4. Choosing the Agent Type:
– The Transformers agent offers three options: StarCoder, OpenAssistant, and OpenAI.
– Each option utilizes different models and frameworks, with OpenAI providing better results.
– Select the desired agent type based on your requirements.

5. Using the Agent:
– The Transformers agent provides two main ways to interact: “agent.run” and “agent.chat.”
– “agent.run” does not keep chat histories, while “agent.chat” retains memory across different runs.
– Examples are provided to demonstrate the usage of the agent with different prompts and instructions.

6. Clearing Chat History:
– If you want to clear the chat history and start anew, use the “agent.prepare_for_new_chat” function.

7. Supported Tools:
– The Transformers agent supports various tools, including image generators, image captioners, text-to-speech models, etc.
– Each tool is designed for specific use cases, enhancing accuracy and simplifying the process.
– Prompt engineering is not required for specific tasks; instead, models dedicated to those tasks can be called directly.

8. Creating New Tools:
– The guide introduces creating new tools using the “Cat as a Service” API as an example.
– Define a new class for the tool, inherit from the superclass “Tool,” and implement the required methods.
– Include the new tool in the list of additional tools for the agent to utilize it.
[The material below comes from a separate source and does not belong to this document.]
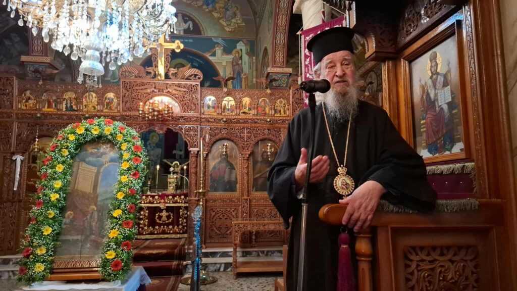 Στην ομιλία του ο Σεβασμιώτατος Μητροπολίτης κ.Σεραφείμ λαμβάνοντας αφορμή απο τα προφητικά αναγνώσματα της θεομητορικής εορτής αναφέρθηκε στο γεγονός και τα διδάγματα περί της εορτής της Γεννήσεως της Θεοτόκου τονίζοντας στους πιστούς ότι η Υπεραγία Θεοτόκος αποτελεί με την Γέννηση της προς όλους τους πιστούς την κλίμακα και την γέφυρα η μετάγουσα τους εκ γής προς ουρανό.

9. Comparison with LangChain Agents:
– Discusses the differences and similarities between Transformers agents and LangChain agents.
– Transformers agents primarily use models as tools, while LangChain agents integrate external APIs for various tasks.
– Both frameworks can potentially use each other’s tools, as they operate with Python code.

10. Purpose and Scope:
– Transformers agents have a more specific scope, focusing on generating Python commands and executing Python code.
– LangChain agents have a broader scope and can perform various tasks beyond Python execution.

11. Conclusion:
– Transformers agents are still experimental, and future developments are awaited.
– LangChain agents offer more versatility and capabilities beyond Python execution.

This step-by-step guide provides an overview of the discussed topics related to Hugging Face Transformers Agent and LangChain agents, allowing readers to understand the key points covered in the transcript.
Extract only the installation steps and and create an install file where you can
Installation Steps for Hugging Face Transformers Agent:

1. Install the required packages:
– Make sure you have the “huggingface_hub” package installed.
– Use the package manager of your choice (e.g., pip) to install it:
“`
pip install huggingface_hub
“`

2. Set up Hugging Face Hub API:
– To access the models hosted on Hugging Face, you need to log in using the Hugging Face Hub API key.
– Obtain your API key by signing up on the Hugging Face website.
– Once you have the API key, set it up by following the instructions provided by Hugging Face.

3. Choose the Agent Type:
– Hugging Face Transformers Agent offers three options: StarCoder, OpenAssistant, and OpenAI.
– Each agent type utilizes different models and frameworks.
– Consider your requirements and choose the appropriate agent type.

4. Additional Notes:
– Keep in mind that while the Hugging Face Hub API key is free, you may need to set up billing for certain options, such as OpenAI models.
– Make sure to consult the official Hugging Face documentation for detailed information on using the Transformers Agent.

Please note that these installation steps assume you have a Python environment set up.